Problem statement:
Retype word for word the first line of the listing and each line after it up to the line with "Cornice in cotto", with the pictures taken out.

- - - -

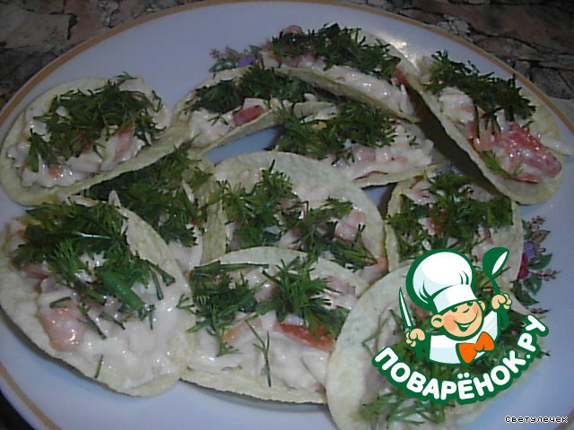 Готовый "фарш" выкладываем на крупные чипсы и украшаем мелко нарезанным укропом.
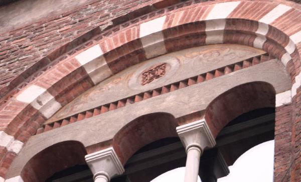 Cornice in cotto a dentelli sormontata da un medaglione polilobato decorato a rilievo con motivi vegetali stilizzati e circondato da un decoro pittorico.
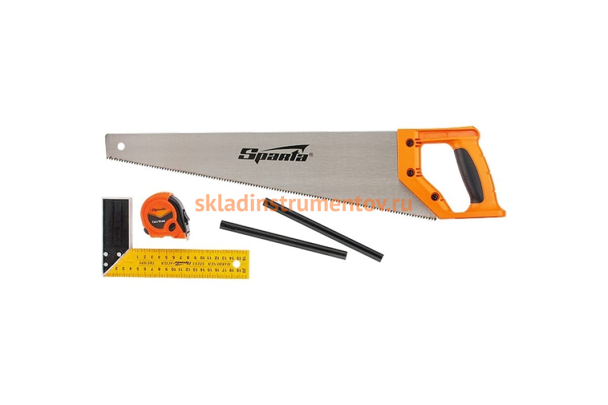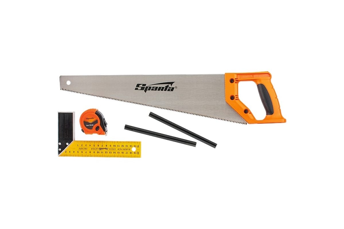 Столярный набор SPARTA 23902 состоит качественных инструментов, которые необходимы для проведения ремонтных и отделочных работ. В набор входит ножовка, которая служит для распиловки древесины, фанеры, ДСП, МДФ, пластика и ламинированных плит. Удобная рулетка. Два карандаша специальной формы, благодаря которой они не скатываются с поверхности. Угольник, с помощью которого можно проверить точность прямых углов и нанести разметку на поверхность.
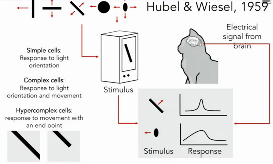 同时,生物学家开始研究视觉的机理,最具影响力并且启发了计算机视觉的一项研究是在五六十年代,休伯尔和威泽尔使用电生理学的研究,他们提出了“哺乳动物的视觉处理机制是怎样的”,通过观察何种刺激会引起视觉皮层神经的激烈反应,他们发现猫的大脑的初级视觉皮层有各种各样的细胞,其中最重要的是当它们朝着某个特定方向运动时,对面向边缘产生回应的细胞。
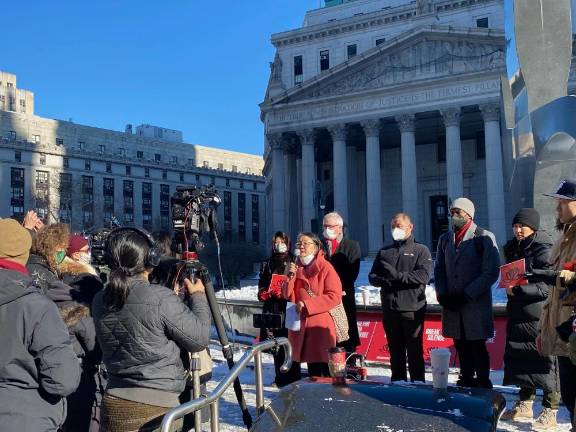 Speakers at the rally included Senator Chuck Schumer and State Senator John Liu, as well as family members of recent anti-Asian hate crime victims. “It’s not a time to be shy,” said Elizabeth Kari, daughter of assault survivor Vilma Kari. “It’s a time to come together to make sure people understand that this just isn’t a trend that’s appeared. It’s something that we’ve been living with together for many decades.”
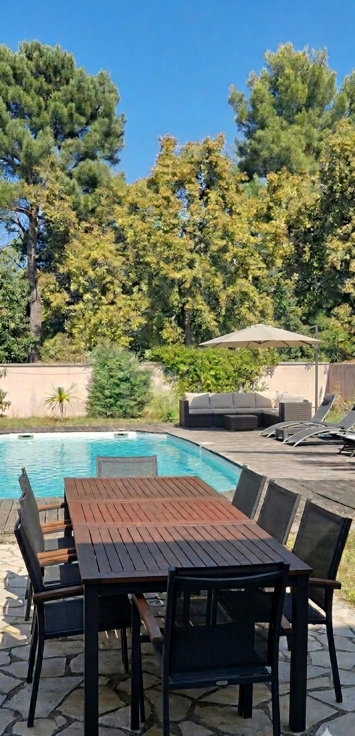 (La température de l'eau piscine est ok à partir de Juin) Hôte confirmé, je vous propose cette spacieuse maison en pierre, alliant charme et confort pour une expérience authentique, insolite. Bien située à 10 min de la gare de Bordeaux en tram, bien accessible. Entièrement équipée pour votre confort : literie de qualité, cuisine complète, salle de jeux, grande piscine, wifi, terrasse, salon de jardin, déco atypique, véranda ombragée entourée de végétation dense. Entreprise sérieuse et flexible.
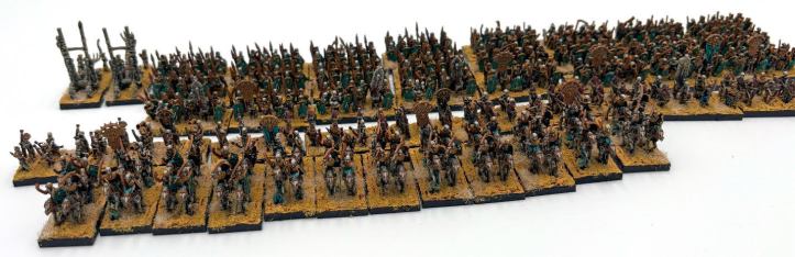 I have to say I feel a bit like our hapless orc hero, S’Mukkabelli, with the way things have been going for me. For the first time in years I used white prime on miniatures, priming my archers and bolt throwers with white as they were going to be largely light colors. I ended up spending so much time painting the metallic elements black I didn’t even get close to finishing the archers. On top of that every time I picked up my bolt thrower crews I realized I had broken off another bolts fletching. I decided to hold off on finishing off the archers and restart the bolt thrower crew. I was a lot more careful and using black instead of white helped me move right along. I know next set of archers I paint will be with a black basecoat but I think I’ve gone far enough that I will just press on what I’ve started. I hope to finish them next month, along with the Spearmen so I have a least finished the required troops. This month I also painted a hero, although I accidentally broke his sword off, I was able to glue it back in place. It managed to last so far, we will see how it goes. This is going to be an interesting month between Dreadtober, and a few projects I want to finish by Fall In! in November, but we will see how it goes!
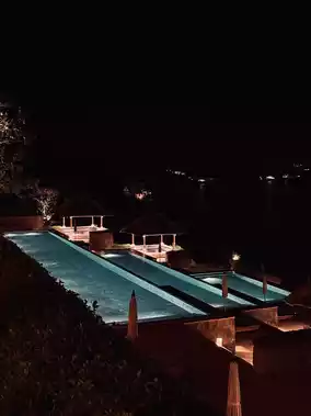 Designed by Ed Tuttle, Amankila opened in 1992 and is the second Aman hotel on Bali. The hotel is built on a cliff by the coast, with a total of 34 rooms. Facilities include four swimming pools, a bar, and nominally three restaurants, although the Indonesian and Western restaurants actually share the same space.
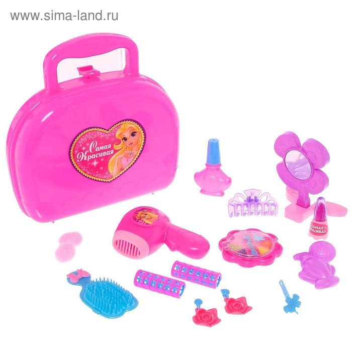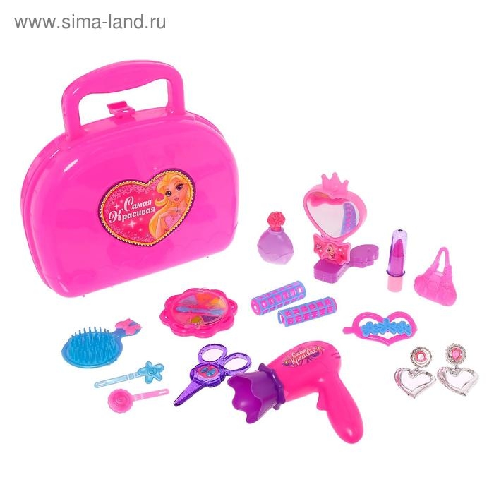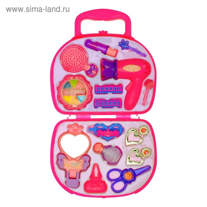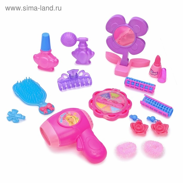 Чтобы стать настоящей звездой вечеринки, достаточно воспользоваться наборчиком. В него входит: фен, расчёска, заколочки, зеркальце, духи, помада, сумочка, серёжки и многое другое! Девочка почувствует себя маленькой принцессой, придумает и воплотит множество увлекательных сюжетов.

- - - -

Task solution:
 Готовый "фарш" выкладываем на крупные чипсы и украшаем мелко нарезанным укропом.
 Cornice in cotto a dentelli sormontata da un medaglione polilobato decorato a rilievo con motivi vegetali stilizzati e circondato da un decoro pittorico.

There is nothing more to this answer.